Afterwards, I think we want to do a period of post-commit testing and monitor failures there. Once that is working, we then should be able to run everything concurrently with the existing premerge pipeline to work out any kinks before finally turning down the existing premerge pipeline.

boomanaiden154 · 2024-12-15T07:40:11Z

This is also just a start. I wanted to try and get a working prototype landed and the we can iterate in tree. The biggest thing to fix is probably the logging, but really fixing that probably involves splitting things into multiple steps on the GHA side which means splitting the pipeline shell scripts, which I would like to avoid initially if possible. For now, I think the Github raw logs feature works well enough with ctrl+f in the browser.

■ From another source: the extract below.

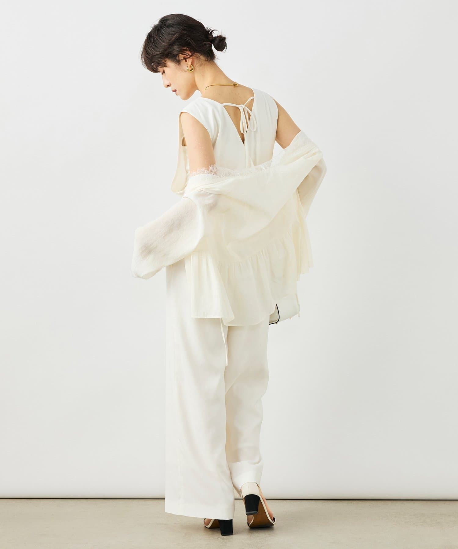 ・シルキーなきしみとシボ感のある表情が特徴のオーガンジー素材を使用

It is definitely a regression from what @DavidSpickett was able to setup with the Buildkite annotations, but I think it will be easier to build similar infrastructure once we have everything moved over to the new infra.

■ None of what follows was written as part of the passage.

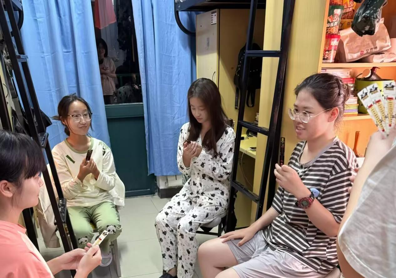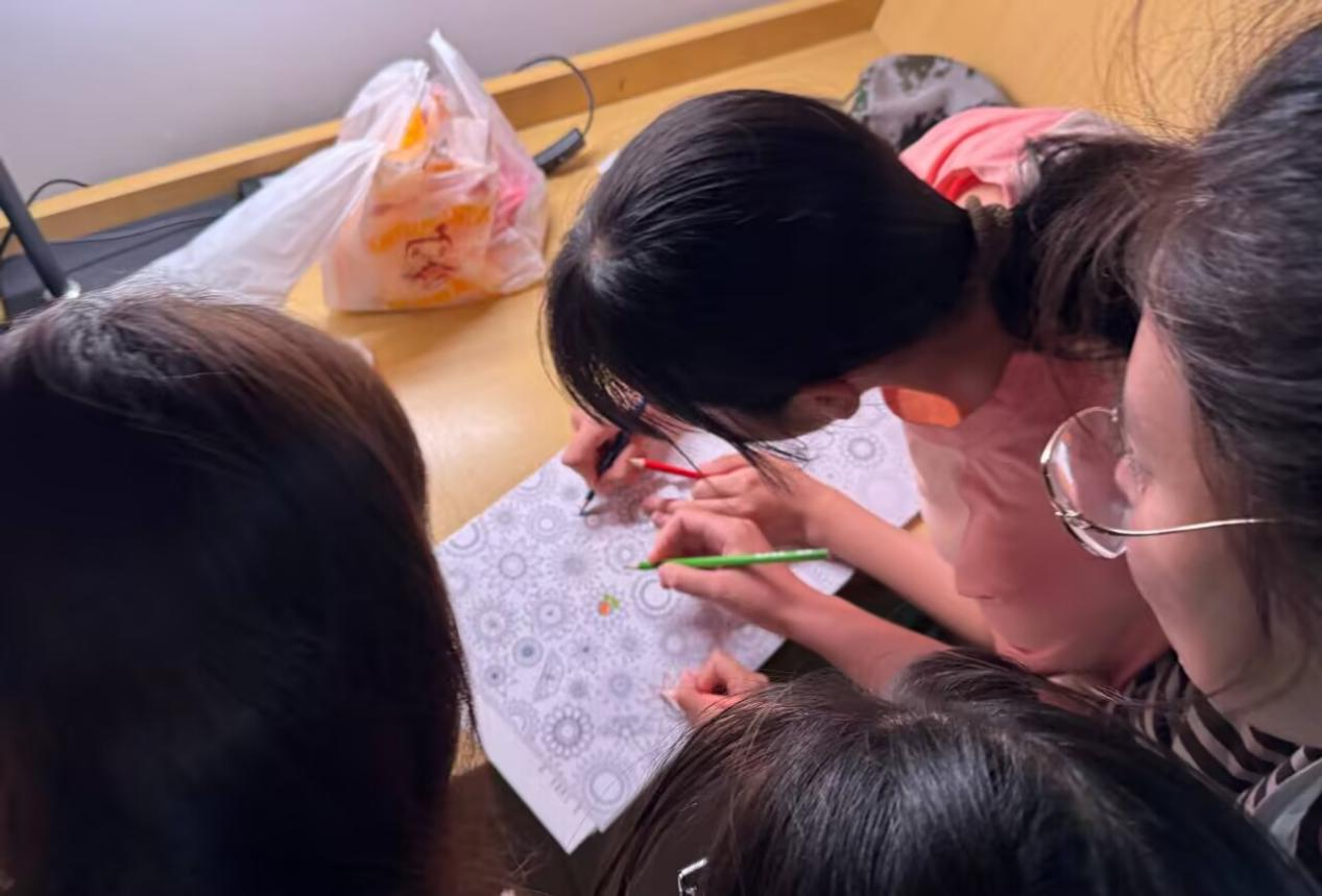 女生宿舍率先开启了“谁是卧底”的烧脑之旅。大家围坐在一起,在推理和分析中斗智斗勇,欢声笑语不断。随后进行手绘游戏,宿舍成员们齐心协力,围绕心理健康主题展开创作,用缤纷的色彩和创意的构图,将内心的想法与感受淋漓尽致地展现在画纸上。在女生宿舍的游戏间隙,主持人讲解了情绪表达和倾听的重要性,鼓励同学们在宿舍生活中要勇于表达自己的情感,同时也要学会倾听他人的心声。

DavidSpickett · 2024-12-16T08:54:48Z

The biggest thing to fix is probably the logging, but really fixing that probably involves splitting things into multiple steps on the GHA side which means splitting the pipeline shell scripts, which I would like to avoid initially if possible.
It is definitely a regression from what @DavidSpickett was able to setup with the Buildkite annotations, but I think it will be easier to build similar infrastructure once we have everything moved over to the new infra.

The only reason we needed all the complication to do the test reporting was the lack of steps, so I agree with your approach here.

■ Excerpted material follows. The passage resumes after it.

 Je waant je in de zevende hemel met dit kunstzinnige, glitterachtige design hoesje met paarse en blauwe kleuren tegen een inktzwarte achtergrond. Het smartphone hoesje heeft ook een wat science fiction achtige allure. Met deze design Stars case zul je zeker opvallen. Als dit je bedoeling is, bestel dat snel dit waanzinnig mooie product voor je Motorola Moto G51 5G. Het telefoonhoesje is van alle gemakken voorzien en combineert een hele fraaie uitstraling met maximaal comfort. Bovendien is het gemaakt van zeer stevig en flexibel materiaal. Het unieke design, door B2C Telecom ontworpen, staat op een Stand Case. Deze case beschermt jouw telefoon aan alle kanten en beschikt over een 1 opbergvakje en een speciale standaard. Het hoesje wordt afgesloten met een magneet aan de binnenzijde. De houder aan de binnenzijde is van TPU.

(and if we're lucky, there is a GitHub reporting plugin that doesn't need docker either)

joker-eph · 2024-12-16T12:21:26Z

This just adds the workflow in for testing. There is at least one kink that needs to be worked out on the infrastructure side, namely that sometimes scaling down kills the runner/container pod.

There is no way to wait for the current job to finish?
I implemented a downscaling of a Kubernetes cluster for running builbot workers where the downscale wouldn't just kill the pod but send a signal to terminate. That would instruct the buildbot master to not schedule new job on the worker running on this pod and the worker would exit at the end of the current job. The pod would then be garbage collected.

joker-eph · 2024-12-16T12:22:41Z

.github/workflows/premerge.yaml

+          modified_dirs=$(echo "$modified_files" | cut -d'/' -f1 | sort -u)
+
+          echo $modified_files
+          echo $modified_dirs


If you mean to leave this here for debugging, should we add better output?
Like:

echo "===== Modified files in the PR =====" echo $modified_files echo "===== Modified dirs in the PR =====" echo $modified_dies

joker-eph

LG, seems like a straightforward translation from the BuildKite flow.
What's the transition plan by the way: are there enough machines provisioned to land this? We'll run the two in parallel until you disconnect the buildkite linux flow right?

Keenuts · 2024-12-16T12:30:13Z

This just adds the workflow in for testing. There is at least one kink that needs to be worked out on the infrastructure side, namely that sometimes scaling down kills the runner/container pod.

There is no way to wait for the current job to finish? I implemented a downscaling of a Kubernetes cluster for running builbot workers where the downscale wouldn't just kill the pod but send a signal to terminate. That would instruct the buildbot master to not schedule new job on the worker running on this pod and the worker would exit at the end of the current job. The pod would then be garbage collected.

In our case we use GCP autoscale for scale up/down. The fact that a pod can be killed is surprising as the scale down trigger should be 10mn with almost 0 CPU activity on the node (some instance services are always running).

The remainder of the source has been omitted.